Thirdly and finally, the economic impact of the Black Death was to some extent blunted by the fact that England, even though by 1348 there may already have been some decline, was still grossly over-populated. By this it is not meant that the population was greater than the land could support, though this can and has been argued,{437} but merely that the working population had expanded far beyond the work available. In the economic conditions of the fourteenth century this led to chronic under-employment rather than unemployment. Vinogradoff has pointed out that each virgate often had as many as five men working or living on it so that the villein’s land could be tended, the service rendered to the lord and a comfortable surplus of labouring capacity still be left unconsumed.{438} Maitland’s contention that the landlord was exacting only about half the labour services owed to him, amply confirmed by Miss Levett in her study of the manors of the Bishop of Winchester,{439} is another illustration of this point. It was not through any generosity on the part of the landlord that these services were remitted but nether because there were by so far too many villeins available to do the work that the landlord would have found it quite impossible to employ them all.

This surplus of labour was not confined to the peasants. The lowest computation of the number of priests then available to serve the 8,670 parishes of England is fifteen thousand. For a population of 4.2 million this would give an allowance of one priest for every two hundred and eighty parishioners or more or less every sixty-seven families. Dr Coulton estimates{440} that, even in January 1349, there must have been three priests surviving to fill every two priestly vacancies. Unless so generous a margin existed it would be impossible to explain how, throughout the plague, almost every vacant benefice was filled within a few weeks.

Bearing these factors in mind, it remains to consider whether the Black Death did indeed bring about as fundamental a revolution in land tenure and social organization as has been suggested. There is, of course, much that is incontestably true in the thesis. Among the phenomena which Thorold Rogers noted as being particularly relevant were the rise in the level of wages and of prices and the greatly increased mobility of labour. Though regional variations existed, these were variations of degree and duration rather than kind. In every part of England for which evidence exists the tendencies were to be seen.

‘The immediate effect of the Plague,’ wrote Rogers, ‘was to double the wages of labour; in some districts to raise the rate even beyond this.’{441} In Cuxham, a ploughman paid 2s. per annum before the plague earned 7s. in 1349–50 and as much as 10s. 6d. in 1350–51.{442} (These figures are, in fact, not so conspicuously out of line with those of Rogers as at first appears since they ignore certain variations of payment in kind which, if they could be expressed in monetary terms, would certainly go a long way towards reducing the real figures for 1350–51 to about half the apparent total.
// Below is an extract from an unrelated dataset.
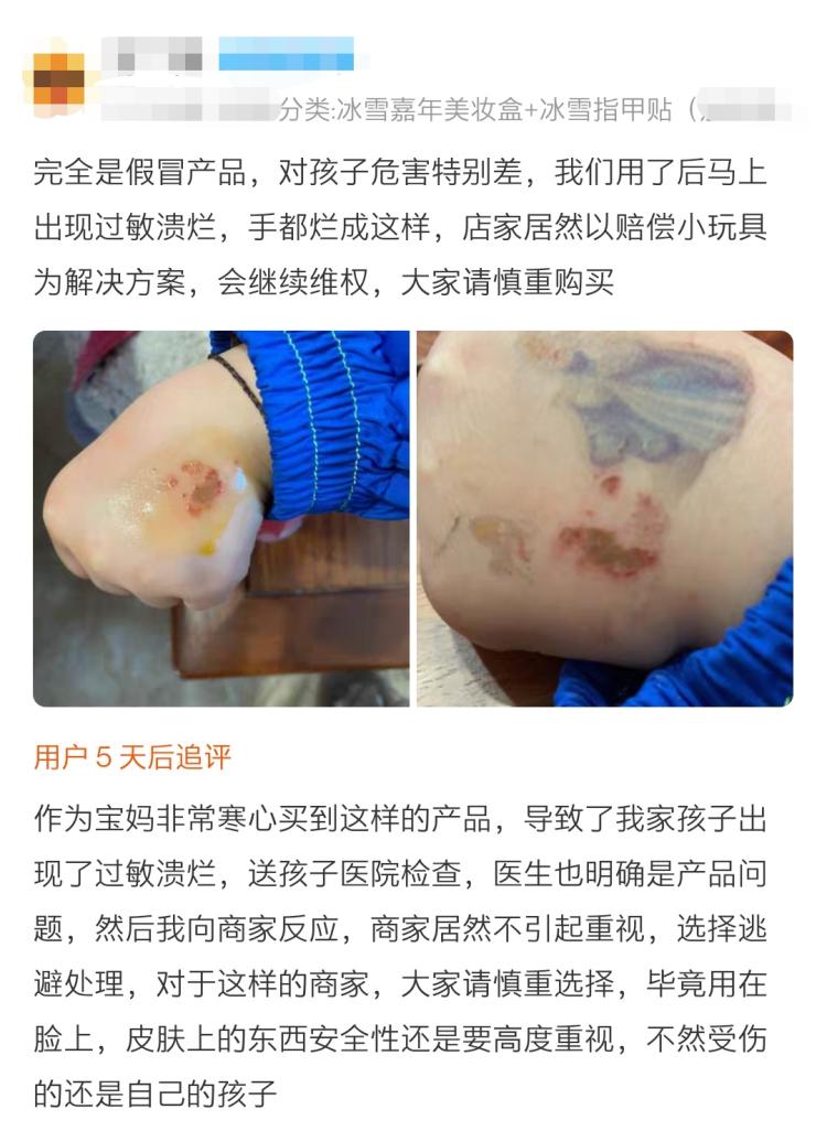 但通过购买评论发现,不论是商场同款的还是其他网店在售的化妆品套盒,基本都出现了关于儿童使用后过敏的图文反馈。孩子的皮肤红肿,甚至出现溃烂。部分家长对化妆品质量提出质疑,并向商家维权。

Two shillings per annum was, of course, an inconsiderable element in the ploughman’s total remuneration.) In Teddington and Paddington wages were doubled in the first year.{443} Rogers’s own figures show that a thresher who had been paid 2½d. a day in 1348 earned 6d. in 1349 and 4½d. in 1350, while a mower received 5d. an acre in 1348 but increased this to 9d. in 1349 and 1350.{444}

All this supports the thesis that wages more or less doubled. But not all evidence points to so sharp an increase. In her examination of the manors of the Bishop of Winchester, Professor Levett found that in some, though by no means all cases, wages rose by between a quarter and a third{445} while Lord Beveridge was able to detect only minor increases in another group of the Bishop’s manors{446} but a jump of more than 75 per cent in the wages paid on the estate of the Abbot of Westminster{447} But even though Rogers’s estimate may be on the generous side as an average for the whole of England, it is clear that wages rose rapidly and substantially and imposed a heavy burden on any landlord who depended largely on paid labour to farm his demesne.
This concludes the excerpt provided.